Francisco Coloane
Esa noche el
viento se había dormido antes que nosotros, fuera del bosque donde pernoctábamos.
Fue Facón Grande, el capataz de tropillas, quien nos llamó la atención con un vivo
gesto de cabeza:
–¿Oyeron? –dijo ladeando una oreja
hacia la umbría.
El Largo y yo nos pusimos a escuchar;
al cabo de un rato sólo percibimos el rumor de un gran pájaro blanco que cayó deshaciéndose
entre el follaje.
–Son los cuajarones de nieve que
se caen de los árboles –dijo con desgano al Largo.
–No, es el tranco de un caballo en
los envaralados –rectificó Facón.
Nos pusimos de nuevo a escuchar;
pero otra vez volvimos a percibir sólo el ruido de los trozos de nieve que caían
triturados desde las altas copas de los robles.
Todos estábamos acompañándonos en
torno a la hoguera que abría y cerraba con sus llamas el corazón del robledal. Los
caballos triscaban hojillas tiernas en la linde oscilante de la luz de las llamas;
los perros dormitaban con sus hocicos enterrados en la ceniza, y nosotros fumábamos
un cigarrillo apenas terminada nuestra frugal merienda.
El fuego ya había derretido nieve
en su derredor, y el rostro mojado de la tierra se asomaba cordial después de tantos
meses de ver sólo una costra blanca uniformando todas las cosas.
Aquel invierno había sido largo y
cruel en toda la extensión de la Patagonia.
En Iemisch Aike, hubo necesidad de
arrear grandes manadas de yeguas salvajes para abrir senderos en la nieve y poder
rescatar los piños de ovejas que habían quedado atrapadas en los campos altos, de
veranada, con la caída de prematuras nevadas.
Con todo, fue imposible sacar unos
trescientos vacunos metidos en las estribaciones andinas más altas, y ahora, a comienzos
de primavera, íbamos en su búsqueda.
Facón era el más baquiano en estos
montes.

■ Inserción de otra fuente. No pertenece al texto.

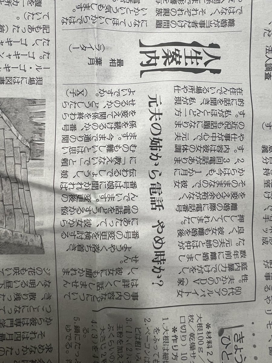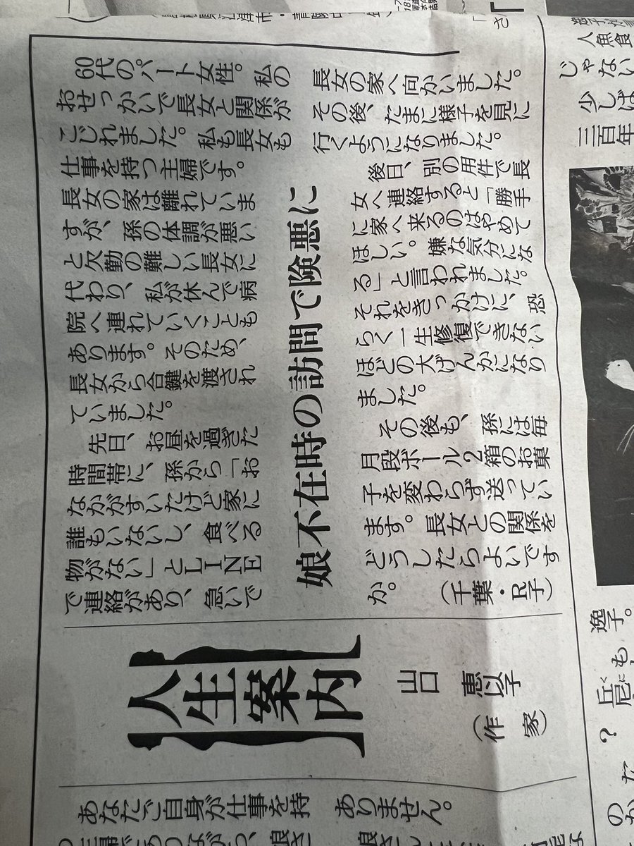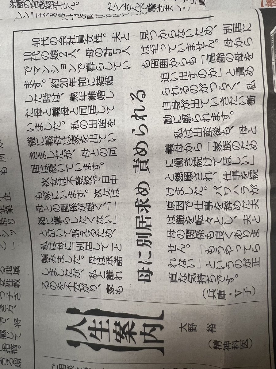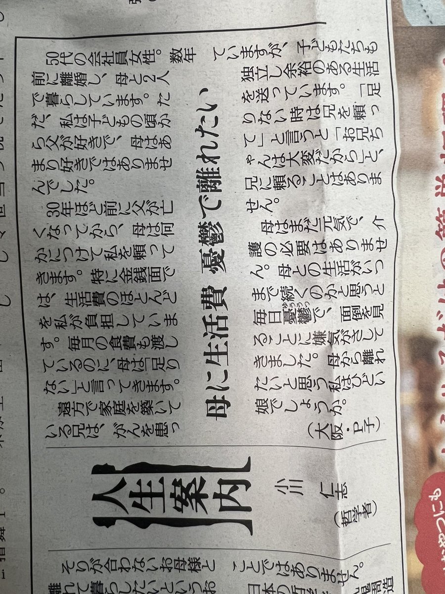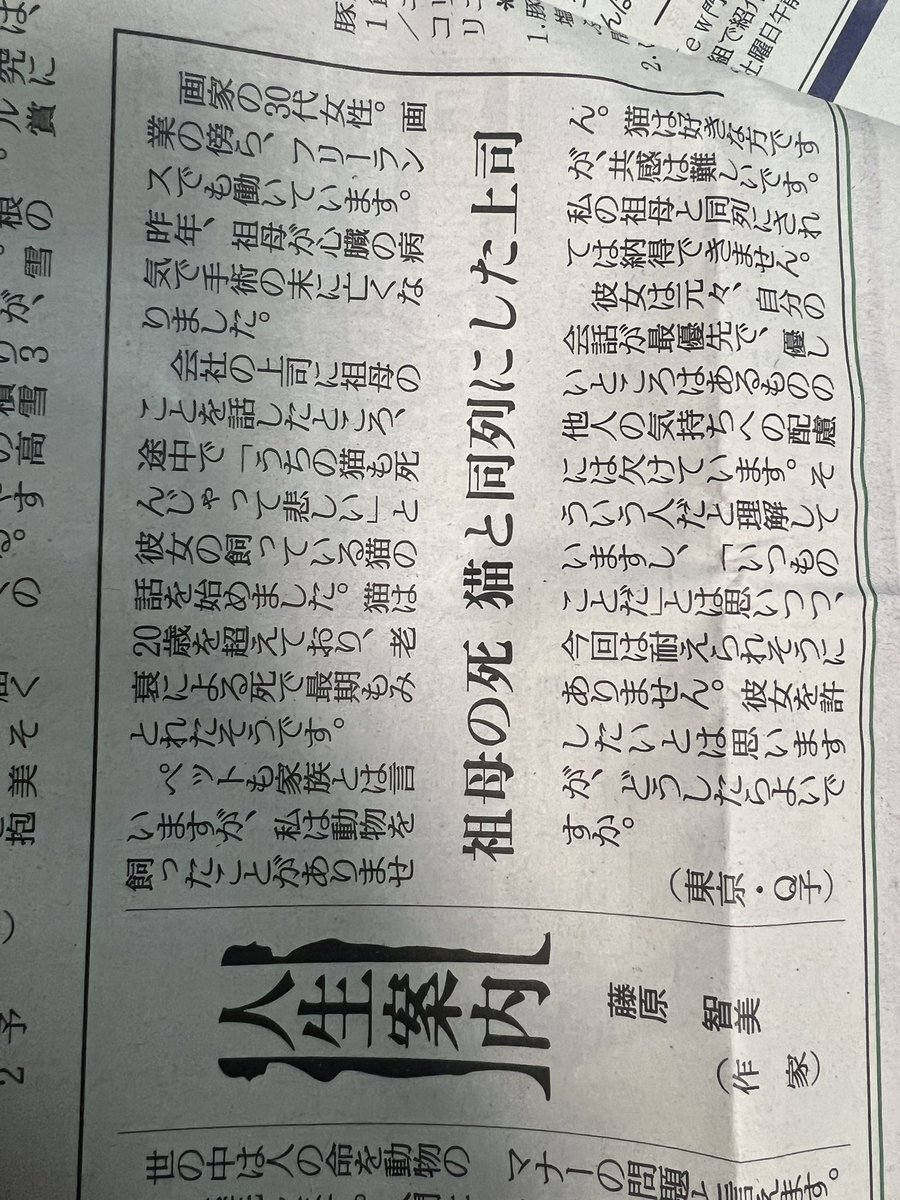 #人生案内 #読売新聞 私は職場の食堂で昼食時、母親の介護の大変さを話してたら同僚が「うちも大変なんだよ!」と言うので、てっきりそいつの親のことだと思ったら、飼ってる老猫の事だったのです。 この投稿者と同じで「俺の母親と同列にすんじゃねえよ‼️😡」と言いたかったですが腹の中に収めました pic.x.com/GorBVR2twR

Lo apodaban así porque siempre llevaba un gran cuchillo con cacha de plata,
atrás, en la cintura; su nombre era José Díaz y trabajaba de capataz de tropillas
en la estancia.
El Largo derivaba su apodo de su
estatura, formaba pareja con el capataz en el amanse de potros y era su ayudante
en la atención de las caballadas; se llamaba Basilio Oyarzo.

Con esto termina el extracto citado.